3.         De beoordeling
Klager stelt dat hij als gevolg van de opgelegde disciplinaire straf zijn baantje als reiniger is kwijtgeraakt en wil derhalve gecompenseerd worden voor het misgelopen arbeidsloon. Tevens acht klager de door de beklagcommissie toegekende tegemoetkoming te laag nu klager van mening is dat hij niet voor twee dagen maar voor alle vijf de dagen die hij in een strafcel heeft moeten doorbrengen gecompenseerd zou moeten worden. De beroepscommissie stelt voorop dat een tegemoetkoming is bedoeld voor door klager ten onrechte ondervonden ongemak.
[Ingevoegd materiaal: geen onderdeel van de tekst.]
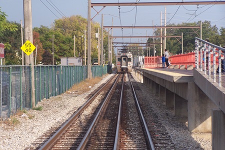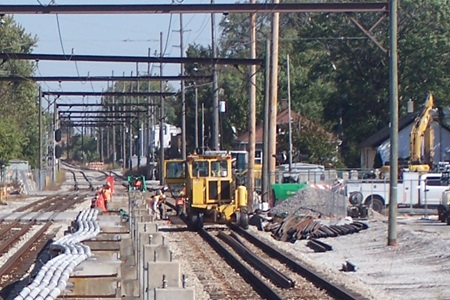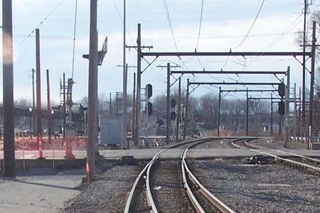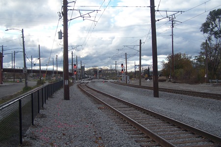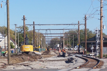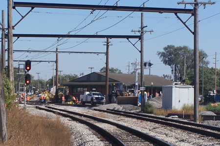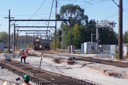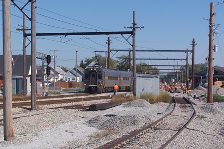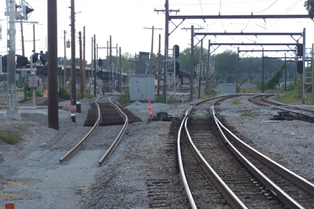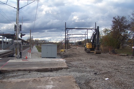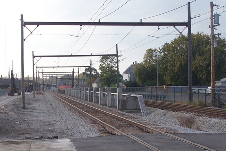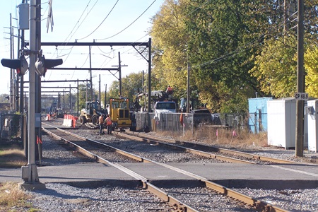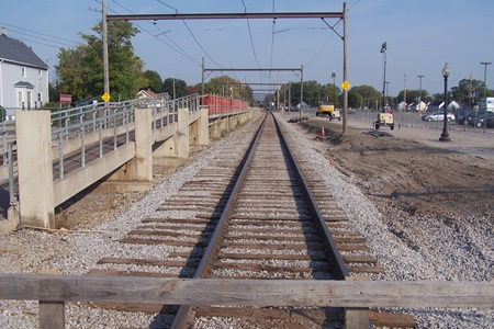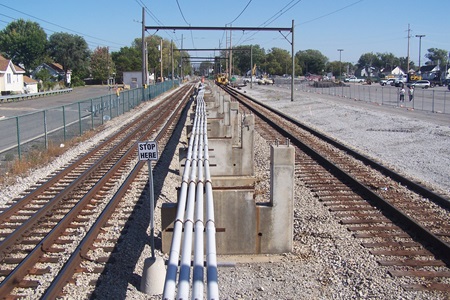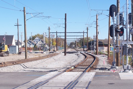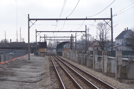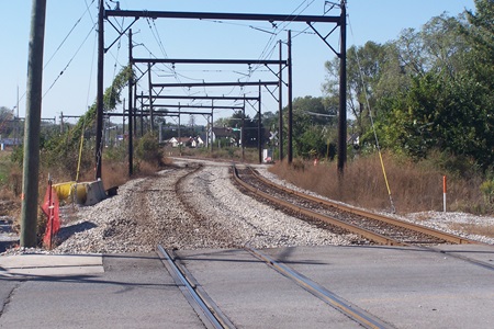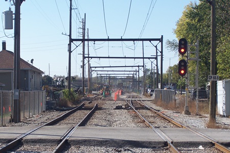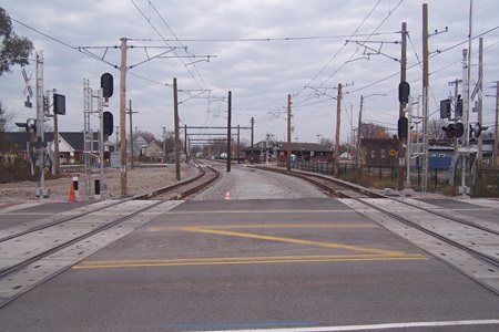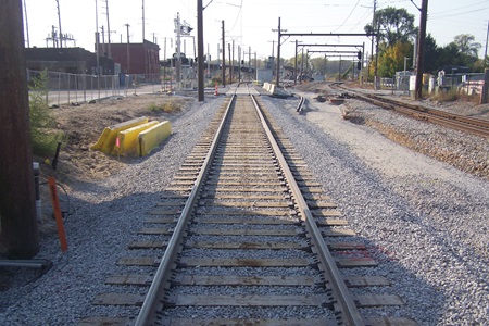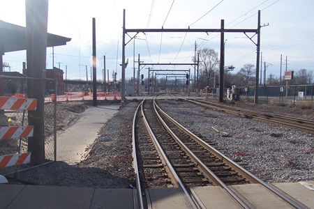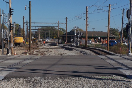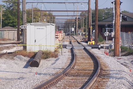 Looking west across Sheffield Ave as the second track is connected. (October 2024)

In klagers geval bestaat het ten onrechte ondervonden ongemak uit de twee dagen die hij langer dan de drie dagen in afzondering, die hij op grond van de ordemaatregel opgelegd heeft gekregen, in een strafcel heeft moeten doorbrengen. Daarvoor is door de beklagcommissie aan klager een vergoeding van € 10,= per dag is toegekend, hetgeen past bij de gangbare jurisprudentie van de RSJ. De beroepscommissie is overigens van oordeel dat niet is gebleken dat klager enkel en alleen door de opgelegde disciplinaire straf zijn baantje als reiniger is verloren en ziet daarom geen aanleiding voor het toekennen van een tegemoetkoming daarvoor. De beroepscommissie kan zich dan ook verenigen met de toegekende tegemoetkoming en verklaart het beroep ongegrond.

4.         De uitspraak
De beroepscommissie verklaart het beroep ongegrond en bevestigt de uitspraak van de beklagcommissie, voor zover daartegen beroep is ingesteld, met aanvulling van de gronden.

Aldus gegeven door de beroepscommissie voornoemd, bestaande uit mr. dr. J. de Lange, voorzitter, mr. J.W. Wabeke en mr. J.A.M. de Wit, leden, in tegenwoordigheid van mr. M.S. Ferenczy, secretaris, op 5 december 2019.